# Shimano Ultegra 10 Low cog noise



## woodenspoke (Feb 3, 2008)

I just picked up a new bike a Kestral RT700 with an FSA compact crank and Ultegra 10 Speed group. I changed out the cassette and now the lowest cog has noise.

Everything was fine but I wanted to use this bike to climb and not being a climber I replaced the standard 11-25 cassette that came with the bike with a 12-27 6600 Ultegra 10 cog cassette.

Now I have every tool anyone needs and my long cassette cog removing tool has plenty of tork so it's tight and I didn't put it on with any play. I did notice that their now seems to be some spots forming Parallel with each tooth like the chain is touching the integrated spacer. Other than that everything is just fine. I checked my old cassette and see the spots on both the first and second cog.

The nose is a constant grinding sound.

I have the bike on a trainer now and have stayed out my lower 12T cog. I have ruled out chain rub and frame rub as a possible cause. I see their is almost no space between the lower portion of the tooth on the cog and the spacer on both cassettes. Looks like this space is too low allowing the chain to rub the spacer. 

Now I am wondering if I may have the wrong chain. everything shifts fine though. And its a HG chain?

I'm Baffled maybe I missed some simple fix.


----------



## Kerry Irons (Feb 25, 2002)

*Possibilities*



woodenspoke said:


> I just picked up a new bike a Kestral RT700 with an FSA compact crank and Ultegra 10 Speed group. I changed out the cassette and now the lowest cog has noise. I'm Baffled maybe I missed some simple fix.


The first things that come to mind are a worn chain and/or a chain that needs lube. Measure 24 links (12 inches) with a decent ruler and insure yourself that there is less than 1/16" of elongation. Be sure the chain is clean and properly lubed. Also, if it is only making noise in the smallest cog, you should eyeball the alignment of the derailleur upper pulley and the cog. It might be as simple as a slight tweak of the lower limit screw.


----------



## woodenspoke (Feb 3, 2008)

The bike has less than 300 miles on it mostly on the trainer in just the past 4 weeks. I double checked the chain and it appears to be the correct chain. So very unlikely I have any chain wear.

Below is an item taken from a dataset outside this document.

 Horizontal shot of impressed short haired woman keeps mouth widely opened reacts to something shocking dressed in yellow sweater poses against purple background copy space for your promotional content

I am still stumped. When I get it back on the road I will change out the Skewer since I am using the trainer provided skewer and maybe that will fix any chain alignment issues. Barring that I will put on the old Cassette (really brand new) and double check it again.

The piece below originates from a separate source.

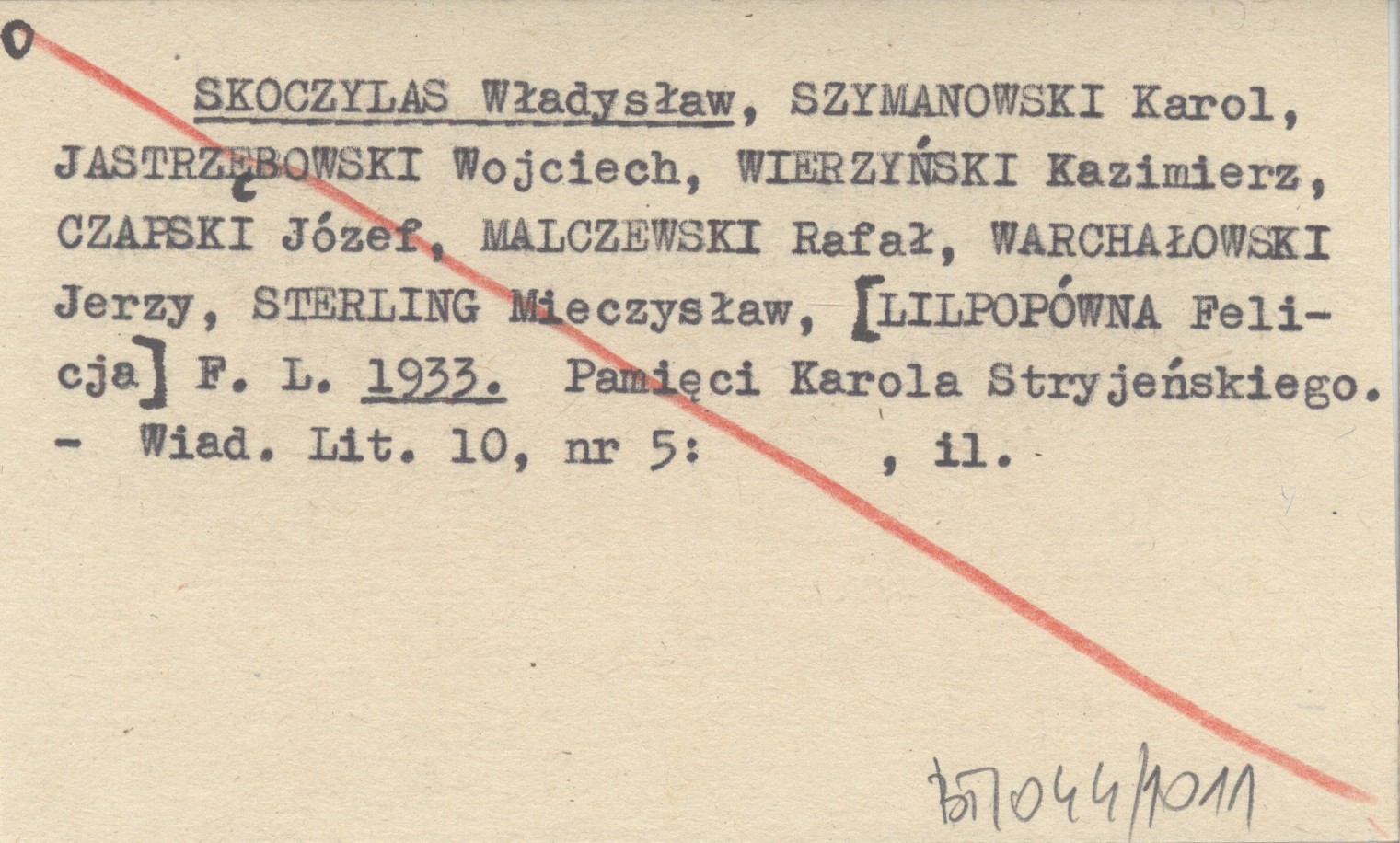 SKOCZYLAS Władysław SZYMANOWSKI, Karol. ; JASTRZĘBOWSKI, Wojciech. ; WIERZYŃSKI, Kazimierz. ; CZAPSKI, Józef. ; MALCZEWSKI, Rafał. ; WARCHAŁOWSKI, Jerzy. ; STERLING, Miec 1933 Pamięci Karola Stryjeńskiego.

If it is still weird I will have to bring it to a shop to be checked. I hate having other people work on my bikes but that is a last resort.

I was just wondering if any one else had a similar problem?


----------



## andulong (Nov 23, 2006)

*what ring?*

What ring are you on up front when you have this problem? Could be running crossed up and that can give you some noise. Just a thought. When I am in the small ring up front I avoid the 2 small cogs (ten speed). But it sounds like everything was fine before the cassette swap so probably not.


----------



## andulong (Nov 23, 2006)

*One more idea*

You might want to check that your rear deraileur upper pulley isn't rubbing against the cog teeth. Since you installed a lower range cassette the deraileur pulley may run closer to the cogs now. If too close it will rub and make a grinding sound. Try swinging the whole rear deraileur body away from the cogs while pedaling and hearing the noise. If it goes away that is likely your problem and can be easily adjusted with the "B" screw...by tightening it a bit. Let us know what you find. It can be difficult to see that they are touching since the chain obstructs the view.


----------



## woodenspoke (Feb 3, 2008)

I checked the chain dérailleur alignment. FYI : I have been putting together my own bikes for more than 10 years so I am fairly proficient in basic bicycle mechanics. I replaced both dérailleur Cables about a week ago, no easy feat on that internal cable routed frame. I added two jagwire adjusters on the levers since I had nothing on the frame. The noise did not change. I don't believe the upper pulley is rubbing since the cassette is actually larger 11 to 12 teeth which would increase the chain tension not lower it.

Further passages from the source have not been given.